If $Y$ has $B\left(\frac{d_1}{2}, \frac{d_2}{2}\right)$ distribution, then show that $X$ with given formula has $F(d_1,d_2)$ distribution.
$$X = \frac{d_2Y}{d_1(1-Y)}$$
I do this but I couldn't do anything because of $\Gamma{}$ integral:
$$Y = \frac{\Gamma({\frac{d_1 + d_2}{2}})}{\Gamma(\frac{d_1}{2})\Gamma(\frac{d_2}{2})}x^{\frac{d_1}{2} - 1}(1-x)^{\frac{d_2}{2}-1}$$
so:
$$X = \frac{d_2Y}{d_1(1-Y)}$$
$$X = \frac{d_2\frac{\Gamma({\frac{d_1 + d_2}{2}})}{\Gamma(\frac{d_1}{2})\Gamma(\frac{d_2}{2})}x^{\frac{d_1}{2} - 1}(1-x)^{\frac{d_2}{2}-1}}{d_1(1-\frac{\Gamma({\frac{d_1 + d_2}{2}})}{\Gamma(\frac{d_1}{2})\Gamma(\frac{d_2}{2})}x^{\frac{d_1}{2} - 1}(1-x)^{\frac{d_2}{2}-1})}$$
$$X = x^{\frac{d_1}{2} - 1}\frac{\Gamma({\frac{d_1 + d_2}{2}})}{\Gamma(\frac{d_1}{2})\Gamma(\frac{d_2}{2})}(\frac{d_2\Gamma(\frac{d_1}{2})\Gamma(\frac{d_2}{2})(1-x)^{\frac{d_2}{2}-1}}{d_1\Gamma(\frac{d_1}{2})\Gamma(\frac{d_2}{2}) - \Gamma({\frac{d_1 + d_2}{2}})x^{\frac{d_1}{2} - 1}(1-x)^{\frac{d_2}{2}-1}})$$
compare it to $F(d_1,d_2)$:
$$F(d_1,d_2)=x^{\frac{d_1}{2} - 1}\frac{\Gamma({\frac{d_1 + d_2}{2}})}{\Gamma(\frac{d_1}{2})\Gamma(\frac{d_2}{2})}(\frac{d_1}{d_2})^{\frac{d_1}{2}-1}\frac{1}{(1+\frac{d_1}{d_2}x)^{\frac{d_1+d_2}{2}}}$$
so there must:
$$(\frac{d_1}{d_2})^{\frac{d_1}{2}-1}\frac{1}{(1+\frac{d_1}{d_2}x)^{\frac{d_1+d_2}{2}}} = (\frac{d_2\Gamma(\frac{d_1}{2})\Gamma(\frac{d_2}{2})(1-x)^{\frac{d_2}{2}-1}}{d_1\Gamma(\frac{d_1}{2})\Gamma(\frac{d_2}{2}) - \Gamma({\frac{d_1 + d_2}{2}})x^{\frac{d_1}{2} - 1}(1-x)^{\frac{d_2}{2}-1}})$$
but I can't prove anymore because of $\Gamma$ integral!

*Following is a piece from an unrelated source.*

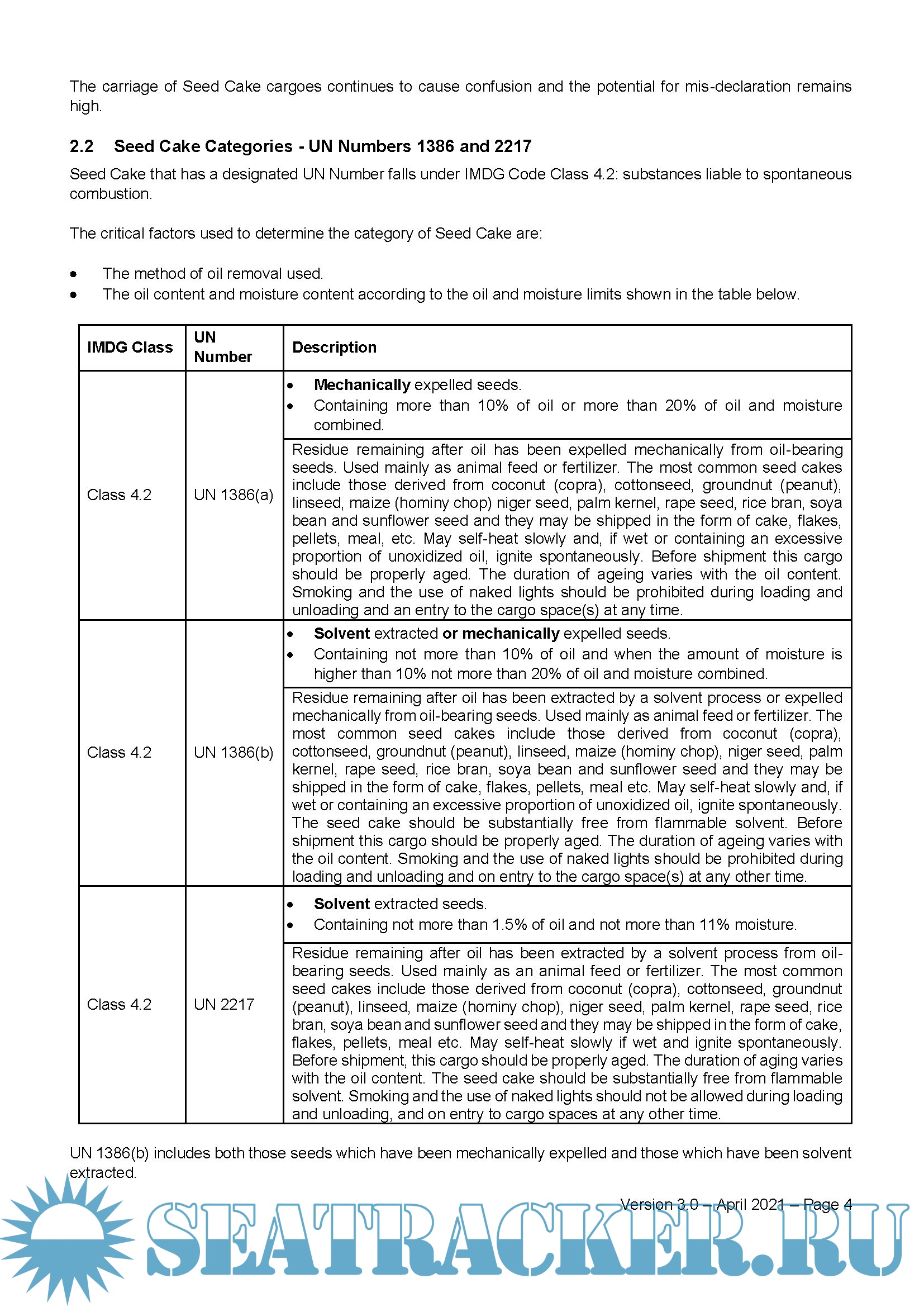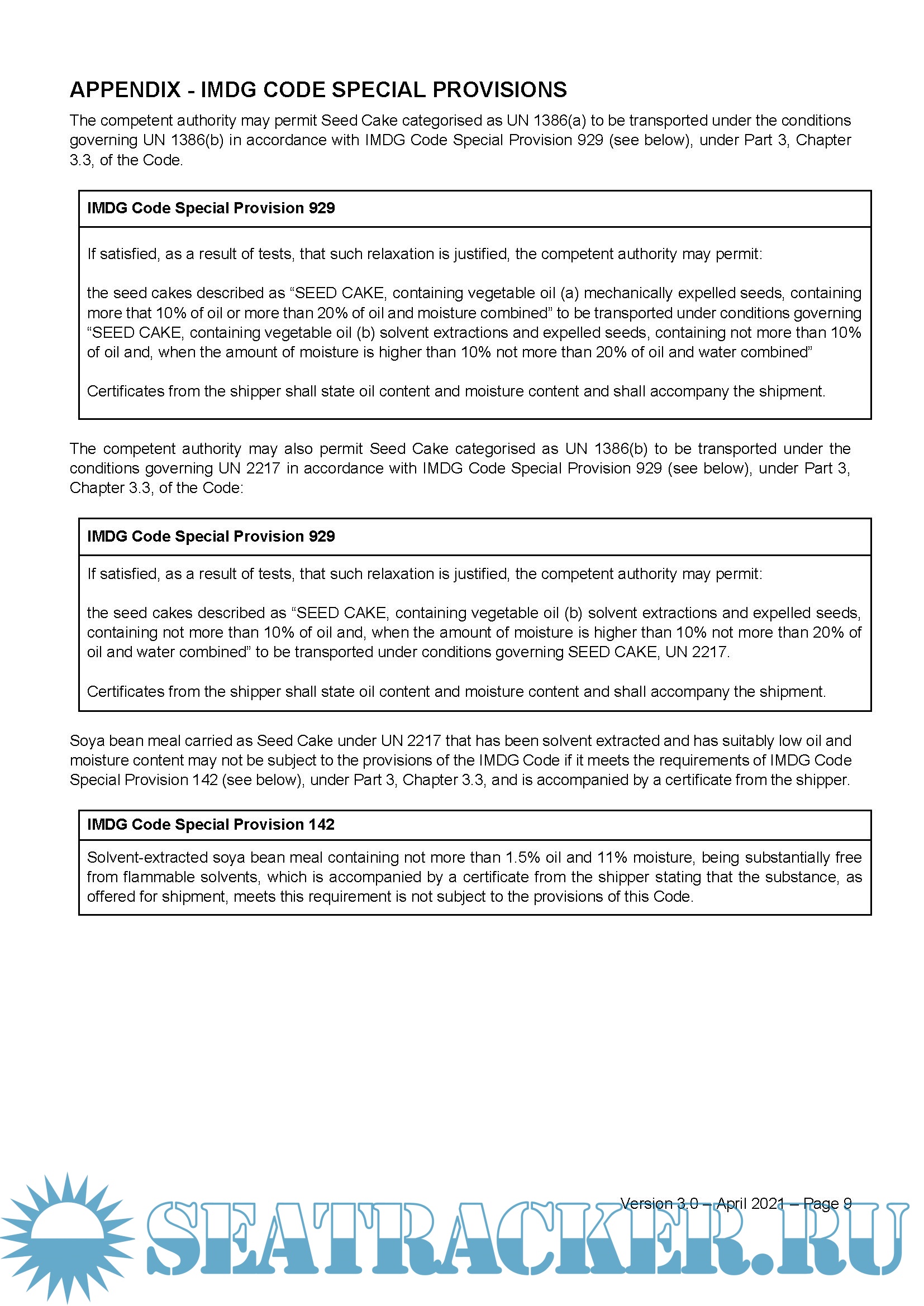 Description: This new version of the Guidelines notes that it is vital that Seed Cake that is not classified in Class 4.2 of the IMDG Code should be declared by the shipper to the receiving carrier and appropriate documentation provided to show that the Seed Cake as offered for shipment has been tested in accordance with the provisions of the IMDG Code.

If is it possible, give me a hint for prove this. Thanks.
You should work step by step. And no need to break the Beta function into Gamma functions.
Pdf of $Y$ is $$f_Y(y)=\frac{ y^{d_1/2-1}(1-y)^{d_2/2-1}}{B\left(\frac{d_1}{2},\frac{d_2}{2}\right)}\mathbf1_{0<y<1}$$
You are transforming $Y\to X$ such that$$X=\frac{d_2Y}{d_1(1-Y)}\implies y=\frac{d_1x}{d_1x+d_2}$$
Since $d_1,d_2>0$, $$0<y<1\implies x>0$$
$$\frac{\mathrm dy}{\mathrm dx}=\frac{d_1d_2}{(d_1x+d_2)^2}$$
So the pdf of $X$ is
\begin{align} f_X(x)&=f_Y\left(\frac{d_1x}{d_1x+d_2}\right)\left|\frac{\mathrm dy}{\mathrm dx}\right|\mathbf1_{x>0} \\\\&= \frac{(d_1x)^{d_1/2-1}\left(1-\frac{d_1x}{d_1x+d_2}\right)^{d_2/2-1}}{B\left(\frac{d_1}{2},\frac{d_2}{2}\right)(d_1x+d_2)^{d_1/2-1}}\cdot\frac{d_1d_2}{(d_1x+d_2)^2}\mathbf1_{x>0} \\\\&= \frac{d_1^{d_1/2}d_2^{d_2/2}}{B\left(\frac{d_1}{2},\frac{d_2}{2}\right)(d_1x+d_2)^{d_1/2+d_2/2}}x^{d_1/2-1}\mathbf1_{x>0} \\\\&=\frac{\left(\frac{d_1}{d_2}\right)^{d_1/2}x^{d_1/2-1}}{B\left(\frac{d_1}{2},\frac{d_2}{2}\right)\left(1+\frac{d_1}{d_2}x\right)^{(d_1+d_2)/2}}\mathbf1_{x>0} \end{align}
The above is the density of an $F$ distribution with $(d_1,d_2)$ degrees of freedom.